PLab fits the mold of a lean startup but with a biotech twist. Over the course of 2014, our first year of existence, we grew bench by bench at [email protected], the biotech incubator we call home. Every aspect of overhead is itemized, from individual autoclave runs to monthly tissue culture hood usage. With excellent back-end assistance from virtual lab manager HappiLabs, we enforced capital efficiency at all levels of our operation. Every dollar spent in 2014 has been counted and categorized.
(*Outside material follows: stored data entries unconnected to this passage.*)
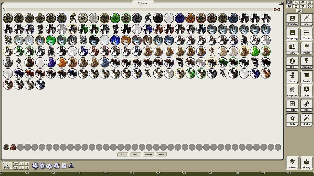 This token pack includes (ringed in black, blue, gold, green, greyscale, and silver, as well as ethereal, invisible, stone-skinned, sand-skinned, and altered state versions):
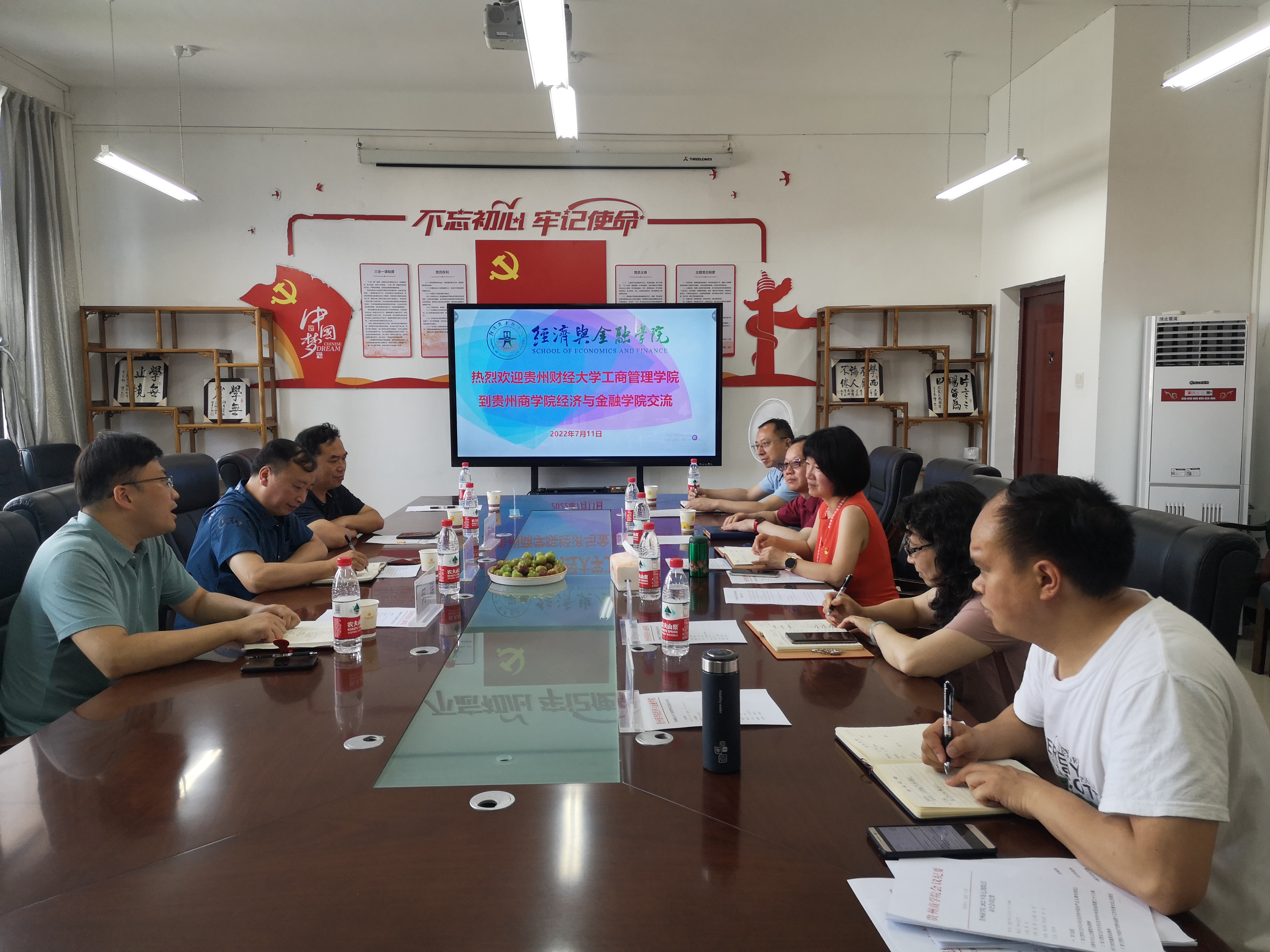 2022年7月11日下午,工商管理公司副经理刘良灿、副经理胡北明、副书记何瑞和毕业班辅导员崔桂美赴贵州商公司经济与金融公司开展结对共建交流座谈。贵州商公司经济与金融公司党委书记庞郁华、党委副书记付茂业、经理曾绍伦、副经理董耀武、副经理段登辉和辅导员代表参加座谈。会议由庞郁华主持。
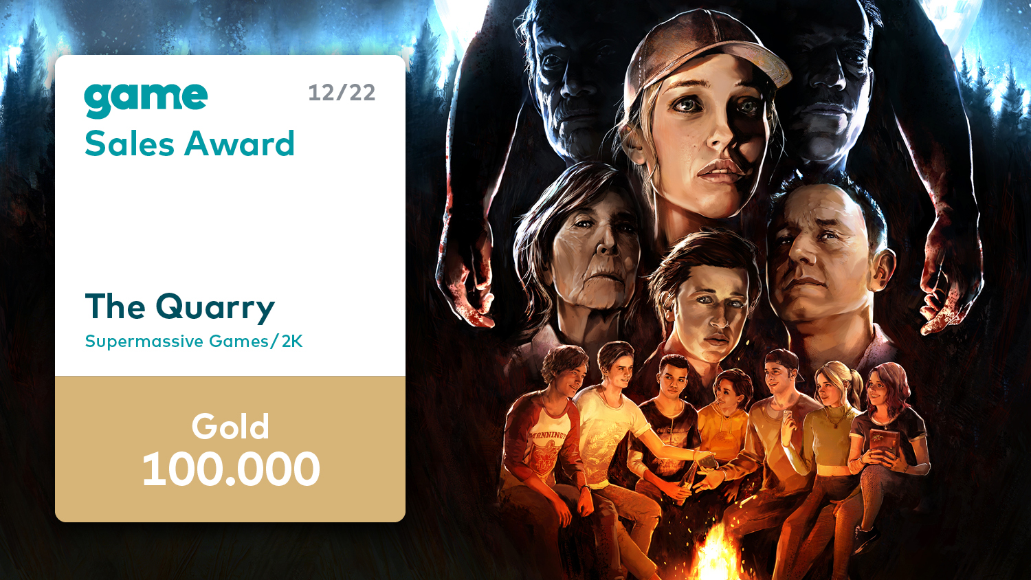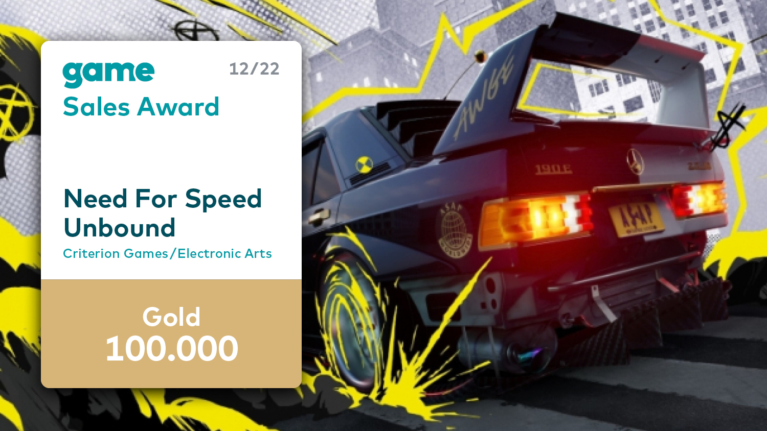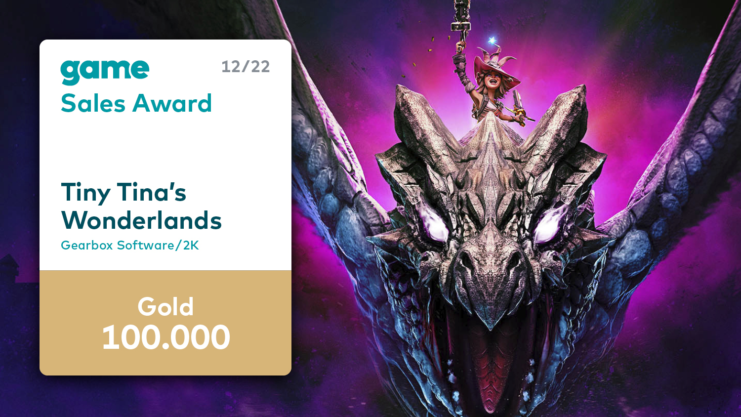 Im Dezember zeichnet der Game – Verband der deutschen Games-Branche sechs Spiele mit einem Game Sales Award aus. Für über 200.000 verkaufte Titel erhalten das Action-Adventure „God of War Ragnarök“ und das Formel-1-Rennspiel „F1 22“ jeweils den Game Sales Award in Platin. Mit „Need for Speed Unbound“ bekommt ein weiteres Rennspiel eine Trophäe für besondere Verkaufserfolge: Der EA-Titel hat sich über 100.000-mal verkauft und erhält somit einen Gold-Award. Den Game Sales Award in Gold erhalten auch gleich drei Titel des Publishers 2K: Die Basketball-Simulation „NBA 2K23“, der Survival-Horror „The Quarry“ und das Action-Spiel „Tiny Tina´s Wonderlands“ haben ebenfalls die Marke von 100.000 Verkäufen geknackt.

But before we could spend any money I first had to raise it. Our seed round commenced in earnest, i.e., the first funds were wired, in April 2014. Over the course of the following six months I raised $2.21M from over a dozen investors — angels and strategics, no VCs. Here’s a plot showing the range of seed investment sizes:
The smallest investment is $5,000 and the largest investments were $400,000. The mean investment size is just shy of $125,000, or roughly the size of a Phase 1 SBIR/STTR grant. Important to remember that the funds did not arrive all at once. $800,000 kicked off the round. Investments then arrived in dribs and drabs, and then burst in ahead of closing deadlines. Investments of $200,000 or more comprise 80% of the round.
Okay, back to PLab’s 2014 spending:
The biggest slice is capital equipment. These were all one-time costs for the essential components of our HTS phenotypic screening platform. The next biggest slice is payroll. Lab supplies and small equipment include all the consumables needed to keep the lab humming. The fixed costs of maintaining yeast, worms, and flies are low. Service providers include the University of Utah’s genome editing core that CRISPR’d flies for us. Science Exchange gets the assist there.
We’ll continue to drill down into the 2014 budget on this blog in the weeks ahead. In the spirit of Open Science, I challenge all lean biotech startup founders to share last year’s numbers.